# Why would Delta change your seat assignment when change schedule by just a few minute



## xzhan02 (Feb 14, 2006)

Since I booked my flight 3 months ago, theschedule has change at least 6 times, just by a few minutes, sometimes only the arriving time.  However, everytime they change I'll lose my seat assignment, and the ability of selecting seats.  Most of the time our seats were not changed in Delta system when I called, but a couple of time me and my two young kids were scattered three different areas.  Luckiely I called early enough to get consecutive seats back, just to find they were gone again a week later.  I can't think of a reason they do this (without any plane type change) and I'm so tired of calling.


----------



## JBRES1 (Feb 14, 2006)

*delta*

I'm with you.  I'm not sure why they need to keep changing the flight times by a few minutes, but they do.  I have called Delta about 6 or 8 times in the past 2 months with the same problem.  They will change a leg of our trip and they will not assign seats for that leg, so I need to call.
Jim Breslin


----------



## dougp26364 (Feb 15, 2006)

Delta is one of the worst at doing this but others have done it to me also. If the flight number changes or if they change planes, even it's the same type of plane with the exact same number of seats, they'll kick all the old seat assignments out and plug you in wherever the computer puts you. 
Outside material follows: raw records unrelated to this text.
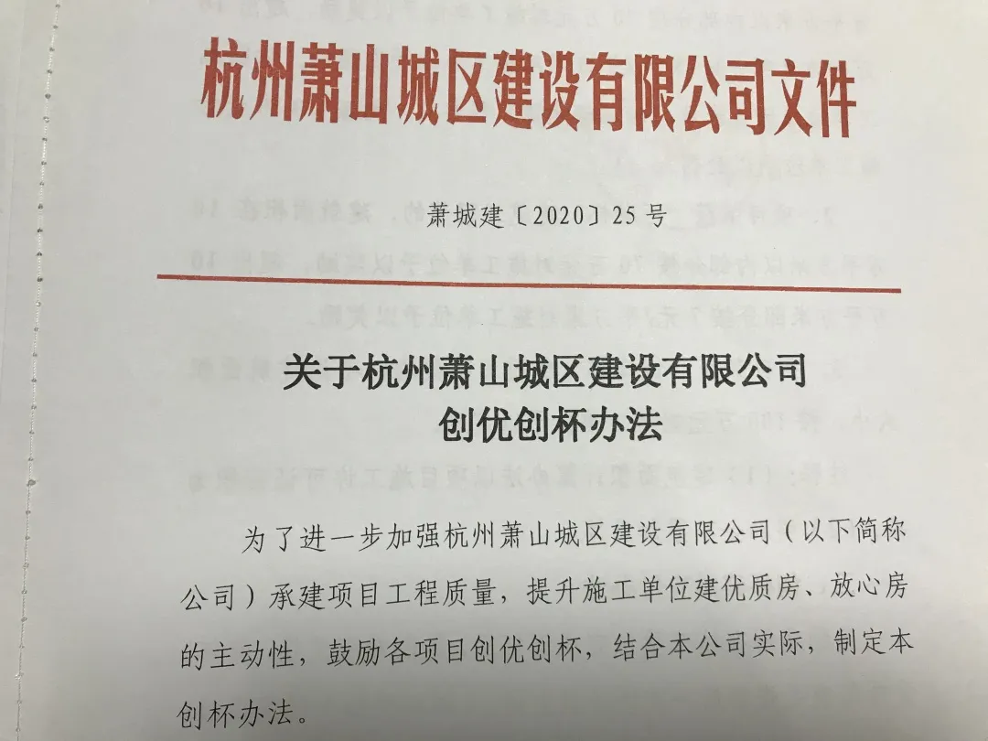 蕭城建〔2020〕25號 關(guān)于杭州蕭山城區(qū)建設(shè)有限公司創(chuàng)優(yōu)創(chuàng)杯辦法
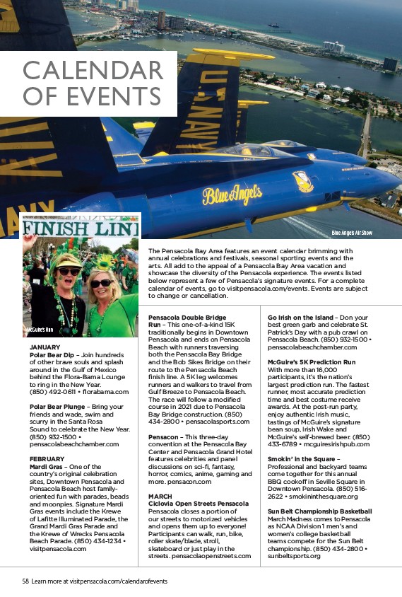 calendar of events, go to visitpensacola.com/events. Events are subject
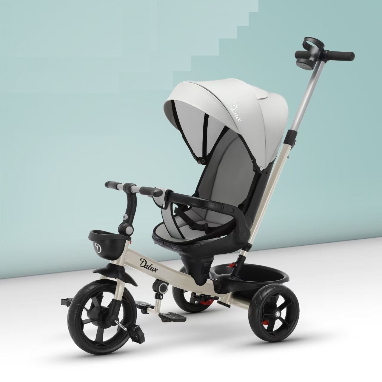 - Корзина для игрушек: Небольшая корзина сзади для любимых игрушек или небольших вещей.

I'm always amazed that the airlines just can't figure out WHY they're going bankrupt. It's not just the price of gas but the price of doing business with them. Nothing like having to watch your flights like a hawk to make certain you seats assignments don't get changed to something totally unaccaptable like scattering children around the plane seperate from their parents.


----------



## grest (Feb 15, 2006)

This frequently happens when you book ahead.  When we experienced this, we asked Delta...the actual plane had been changed, and thus the configuration of seats.  You'd think they'd try for something close to what the passengers had for seats before...
Connie


----------



## SherryS (Feb 15, 2006)

Always happens with Delta--Just plan on it!  I check all reservations a couple of times a week just to check on my seats.  (Especially important for ATL-HNL flight if you want a roomy seat!)


----------



## xzhan02 (Feb 15, 2006)

Well, miraculously, the seats are back online before I had chance to call Delta, the same as before.  Maybe I had been checking them too often before and never let it to settle on its own, or even Delta is lurking around here (I doubt it).


----------